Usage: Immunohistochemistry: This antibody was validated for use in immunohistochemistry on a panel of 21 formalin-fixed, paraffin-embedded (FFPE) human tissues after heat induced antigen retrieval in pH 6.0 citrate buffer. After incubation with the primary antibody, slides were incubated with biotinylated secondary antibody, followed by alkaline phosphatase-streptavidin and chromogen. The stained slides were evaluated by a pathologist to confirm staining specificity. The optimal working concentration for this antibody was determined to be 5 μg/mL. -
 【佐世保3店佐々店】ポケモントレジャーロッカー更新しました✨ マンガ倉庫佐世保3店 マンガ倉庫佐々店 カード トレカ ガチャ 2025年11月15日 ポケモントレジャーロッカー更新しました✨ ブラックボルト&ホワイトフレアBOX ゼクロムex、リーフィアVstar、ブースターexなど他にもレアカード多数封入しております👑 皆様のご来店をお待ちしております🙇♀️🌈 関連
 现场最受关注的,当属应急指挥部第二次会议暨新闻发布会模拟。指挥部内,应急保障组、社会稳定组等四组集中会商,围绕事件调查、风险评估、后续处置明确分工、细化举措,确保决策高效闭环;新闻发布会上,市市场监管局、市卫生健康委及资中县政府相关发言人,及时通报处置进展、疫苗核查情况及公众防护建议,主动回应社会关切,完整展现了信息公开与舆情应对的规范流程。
==
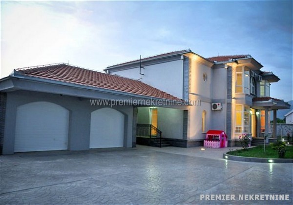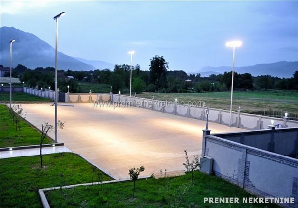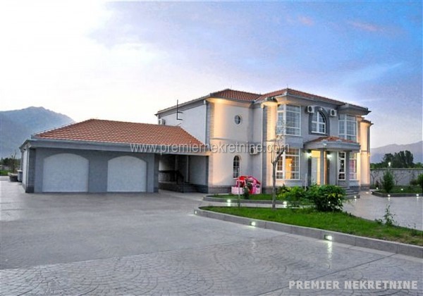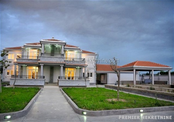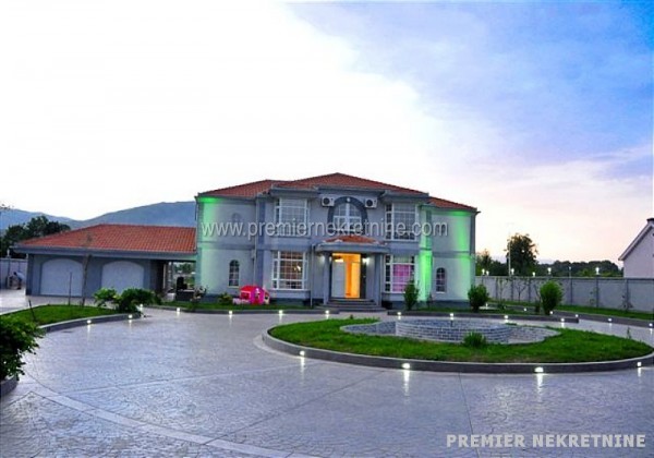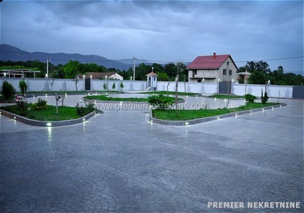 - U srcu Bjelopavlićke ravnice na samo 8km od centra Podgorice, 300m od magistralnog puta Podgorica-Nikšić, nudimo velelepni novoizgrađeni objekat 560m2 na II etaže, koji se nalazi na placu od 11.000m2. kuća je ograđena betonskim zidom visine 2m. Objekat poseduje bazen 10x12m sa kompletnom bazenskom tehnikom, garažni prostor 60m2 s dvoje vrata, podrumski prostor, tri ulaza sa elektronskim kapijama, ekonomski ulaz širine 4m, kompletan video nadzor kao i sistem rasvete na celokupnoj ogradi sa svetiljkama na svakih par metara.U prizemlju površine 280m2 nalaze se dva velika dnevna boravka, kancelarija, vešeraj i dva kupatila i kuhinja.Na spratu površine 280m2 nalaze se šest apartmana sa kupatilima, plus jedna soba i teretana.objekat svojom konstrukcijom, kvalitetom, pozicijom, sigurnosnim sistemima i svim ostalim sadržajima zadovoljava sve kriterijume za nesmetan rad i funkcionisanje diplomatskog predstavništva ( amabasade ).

Problem
Of the entries above, repeat exactly the lines from the line with "マンガ倉庫佐世保3店 マンガ倉庫佐々店 カード" through the line with "现场最受关注的,当属应急指挥", both of them included.

Answer section
 【佐世保3店佐々店】ポケモントレジャーロッカー更新しました✨ マンガ倉庫佐世保3店 マンガ倉庫佐々店 カード トレカ ガチャ 2025年11月15日 ポケモントレジャーロッカー更新しました✨ ブラックボルト&ホワイトフレアBOX ゼクロムex、リーフィアVstar、ブースターexなど他にもレアカード多数封入しております👑 皆様のご来店をお待ちしております🙇♀️🌈 関連
 现场最受关注的,当属应急指挥部第二次会议暨新闻发布会模拟。指挥部内,应急保障组、社会稳定组等四组集中会商,围绕事件调查、风险评估、后续处置明确分工、细化举措,确保决策高效闭环;新闻发布会上,市市场监管局、市卫生健康委及资中县政府相关发言人,及时通报处置进展、疫苗核查情况及公众防护建议,主动回应社会关切,完整展现了信息公开与舆情应对的规范流程。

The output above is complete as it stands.